Most prominent among them was the decision released by the Supreme Court of Florida last Friday that finally put to rest a battle that had commanded the better part of the Supreme Court’s attention over the past few months — namely, the fight over whether the Florida Senate’s post-census plan for allocating state senate districts complied with Amendment 5, a/k/a the Fair Districts Amendment to the Florida Constitution, enacted by voter initiative in 2010. The upshot was that the Supreme Court concluded the review mandated by Article III, section 16 of the Florida Constitution, by declaring that the plan (as modified in response to the Court’s March 9, 2012 decision) was Constitutionally valid.
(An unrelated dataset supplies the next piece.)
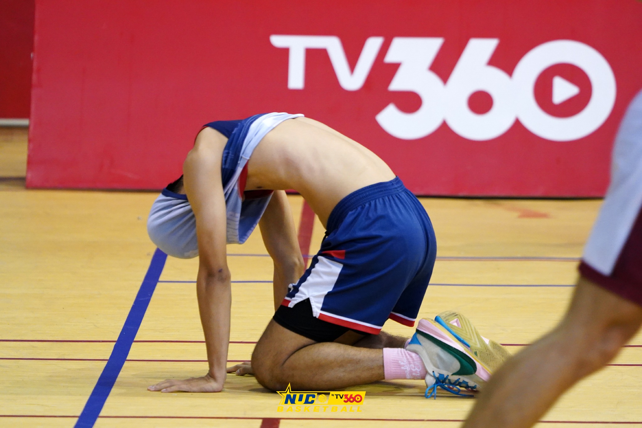 Khoảnh khắc Duy Phát đổ gục sau trận đấu khi Đại học Tôn Đức Thắng thua sít sao 66-64 trước Trường ĐH Kinh Tế - ĐHQG Hà Nội

By doing so, the Court avoided taking the unprecedented step of taking the redistricting process out of the legislature’s hands and writing its own plan.
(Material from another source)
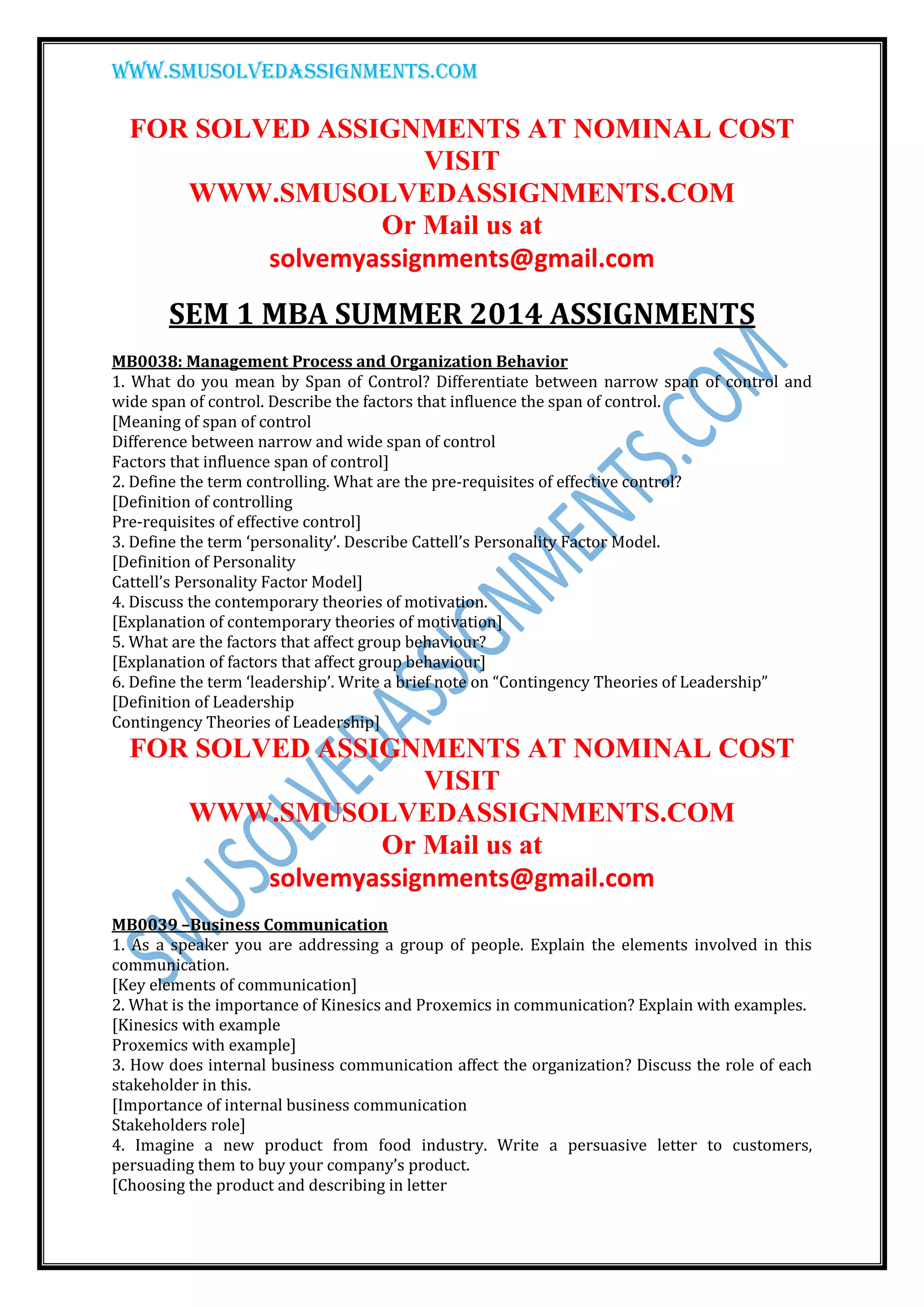 This document provides information about an online service that solves MBA assignments for nominal costs. It lists assignments from MBA semesters 1 and 2 covering subjects like management, statistics, economics, accounting, and human resources. For each assignment, it includes brief descriptions of the questions addressed. It directs readers to the website or email to obtain solved assignments.

Last week’s decision unquestionably brought closure to the redistricting process, and the initial challenges to the 2012 legislative redistricting (with the Court even prohibiting motions for rehearing). But it may not bring closure in the larger sense of foreclosing other challenges to the redistricting plans based on the Fair Districts Amendment through separate lawsuits.
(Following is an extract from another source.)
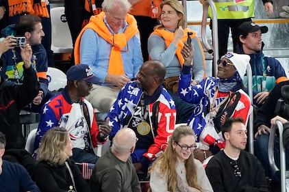 American rapper Flavor Flav, center, attends the skeleton mixed team competition at the 2026 Winter Olympics, in Cortina d'Ampezzo, Italy, Sunday, Feb. 15, 2026. (AP Photo/Akmal Rajput)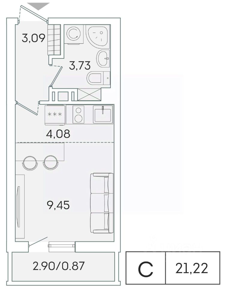 В продаже от застройщика студия 20.3 кв. м с черновой отделкой и практичной планировкой для удобной организации пространства. Корпус сдан

The overarching issue in the case from the outset was whether the Court would entertain a full scale challenge to the plans in the course of its mandatory review, which can last for no more than 30 days, and in which no evidentiary record can be built in a trial court for it to work from, or would instead limit its review to “facial” challenges only, as it had in the past. And correspondingly, would the Court’s review of the challenges at this stage, by way of res judicata and/or stare decisis, preclude challenges to the districts that might be pursued in separate litigation, or as was true of the Court’s initial review of redistricting plans before the Fair District Amendments, would the declaratory judgment leave open the possibility of separate challenges?
On the one hand, in its March decision, the Court made clear that the Fair Districts Amendment required, and it was willing to undertake, a more probing review than it had deemed appropriate when reviewing previous redistricting plans. In fact, the March decision was the first time ever that the Court invalidated a redistricting plan, at least in part.
On the other hand, in its April decision, the Court seems to have gone out of its way to point out that its review was only “facial” and that its conclusion was that “the opponents have failed to satisfy their burden of demonstrating any constitutional violation in this facial review.” In declining to consider challenges to certain aspects of the revised plan that could have been made against the original plan, but were not, the Court engaged in a lengthy explanation that the reason it was declining to do so was that it would be unfair at that stage of the game. And in what seems like an unnecessary tangent, the Court expreslly stated not only that the new arguments themselves were not barred by res judicata, but that the Court’s review of redistricting plans under its Article III, section 16 duties, is not the type of proceeding that can have res judicata effect. In other words, if opponents of the redistricting plans are looking to challenge them in a separate lawsuit, the the Supreme Court’s decision is unlikely to get in their way.
So while the decision undoubtedly brings closure to the Court’s Constitutional review of the redistricting plans, and the redistricting process itself, it’s probably premature to see it as bringing closure to the larger battle over redistricting.